When I think of the word bliss, I think of an inner calmness. I imagine a contentment that radiates from within. An inner peace that pours over into all other aspects of one’s life. I don’t know that I have this. I grew up thinking that I was going to conquer the world and do monumental things with my life. I was an A student. An overachiever. A Governor’s Scholar. I thought I was “special”. I thought I was going to cure cancer. Find a solution for world hunger. Broker peace in the Middle East. Play the piano at Carnegie Hall. I was going to do it all. I guess we all grow up thinking that. Then we become adults and realize that few people really get to do the amazing things we imagined. I know raising children is monumental. And I am well aware that finding the love of one’s life (which I most certainly have) is monumental and something only a lucky handful of people achieve. However, is it possible that something is still missing? I feel like I have somehow “lost” myself behind the designation of “mom”. I think I am a good mom. Or at least an obliviously optimistic mom. But is a mom all I am anymore?
What about a career? I do not have one. I quit my high-stress job when I became pregnant with my twins because I had a very rough pregnancy and their health—and my own health—was more important than anything else. I don’t regret that decision. However, I have an ungodly expensive private liberal arts education and today I work part-time in customer service for a heating company. I am thankful for my job because it works perfectly with our schedules. It brings in a little extra income, adds absolutely no additional stress to my life, and allows me to be with my children every day. But it is a job. Not a career. There is very little intellectual stimulation in my job (as evidenced by the fact that I do most of my writing at work and still manage to easily stay on top of my workload). As a matter of fact, there is very little intellectual stimulation in my life these days. I don’t know that I even possess the ability to talk intelligently anymore. I can talk circles around anyone when it comes to poop or pee or the nutritional content of various brands of kids’ breakfast cereal. If you want to debate Froot Loops versus Apple Jacks, I am your girl. But real conversation? About current events? Politics? Philosophy? Not so much. I end up feeling a bit out of my league.

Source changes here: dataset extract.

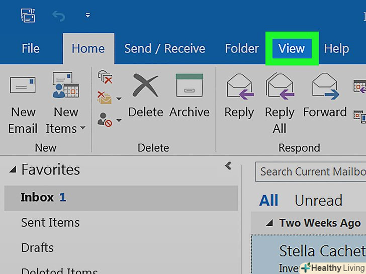 Запустіть програму Outlook. натисніть на значок у вигляді конверта і білої літери " O " на синьому тлі.- Якщо на робочому столі такого значка немає, відкрийте меню «Пуск» (в Windows) і введітьOutlook. У цьому меню відобразиться значок програми Outlook.

I realize that a lack of “bliss” is a problem of the privileged. There are women in this world—in this very city—who are struggling to feed their children. There are women dealing with unemployment and disease and disability and abuse. And I am worried about not being blissful enough? Not being intellectually stimulated? It seems unforgivably arrogant of me. However, I can’t help feeling the way I do. I need to find something that satisfies me. Something that fulfills me. Something outside of the realm of marriage or motherhood. Something that makes me feel like I am more than a wife and mother. Unfortunately, at this point, I have no idea what that would be. Ruanita is going to read this and come to the conclusion that I am unhappy. She will probably encourage me to seek out therapy, as therapy is a therapist’s answer to everything. However, I am not unhappy. I love my life and adore all of the people in it. I just wish I could find that…something…to put my energy into. That something that makes me feel like “me” again. Anything I decide to do will pale in comparison to marriage and motherhood—the greatest adventures of my life. But what’s wrong with wanting additional adventures? Additional passions? Additional purpose? It is 2011. Can’t a woman have it all?